# Western / Hillbilly Scenes?



## HalloweenHaunter (Mar 6, 2011)

I've already got a few scenes that I will have in my haunt, but am wondering what other types of scenes I could have that fit in with a western / hillbilly theme?

Thanks!


----------



## Ghoulia Childe (Jul 4, 2012)

How about something with the Hatfield and McCoy feud?


----------



## Sytnathotep (Oct 10, 2011)

Check this thread, lots of HillyBilly ideas thrown around...

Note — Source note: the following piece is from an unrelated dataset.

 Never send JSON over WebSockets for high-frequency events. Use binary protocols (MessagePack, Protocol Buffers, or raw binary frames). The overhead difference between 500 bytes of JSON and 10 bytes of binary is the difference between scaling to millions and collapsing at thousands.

http://www.hauntforum.com/showthread.php?t=31110


----------



## Tai95 (Sep 4, 2012)

Haunted still. You could even make the condensing coils out of clear tubing and have some uv reactive liquid flowing through it.


----------



## HalloweenHaunter (Mar 6, 2011)

Wow, Ghoulia Childe I didn't think about that.. I'm sure I can think of a way to incorporate that thanks! And thank you for the other responses everyone!


----------



## Lord Homicide (May 11, 2012)

Western and hillbilly are two different themes. Which one are you going for?


----------



## HalloweenHaunter (Mar 6, 2011)

Lord Homicide said:


> Western and hillbilly are two different themes. Which one are you going for?

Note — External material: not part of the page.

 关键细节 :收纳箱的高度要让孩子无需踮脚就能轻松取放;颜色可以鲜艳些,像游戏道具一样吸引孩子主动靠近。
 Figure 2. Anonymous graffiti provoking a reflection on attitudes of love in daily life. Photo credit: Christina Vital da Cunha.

 Western. My problem is we used to use tons of corn stalks to create a maze and had a few scarecrows and things, now we have to use fencing panels that are weathered. SO I am trying to think of some scenes that I could have with a basically a fence in the background, but I'm kinda stuck..


----------



## Headless (Sep 4, 2011)

Haunted rocking chair on a porch comes to mind for me. There have been a couple of really great haunts that had western themes posted on here. I'd do a search of the site and see what you come up with.


----------



## scareme (Aug 29, 2006)

As long as you didn't include Okie with Hillbilly, I'll be glad to help you. Here are some links to some western themes.

http://www.hauntforum.com/showthread.php?t=31878&highlight=western
http://www.hauntforum.com/album.php?albumid=976
http://www.hauntforum.com/showthread.php?t=28057&highlight=western


----------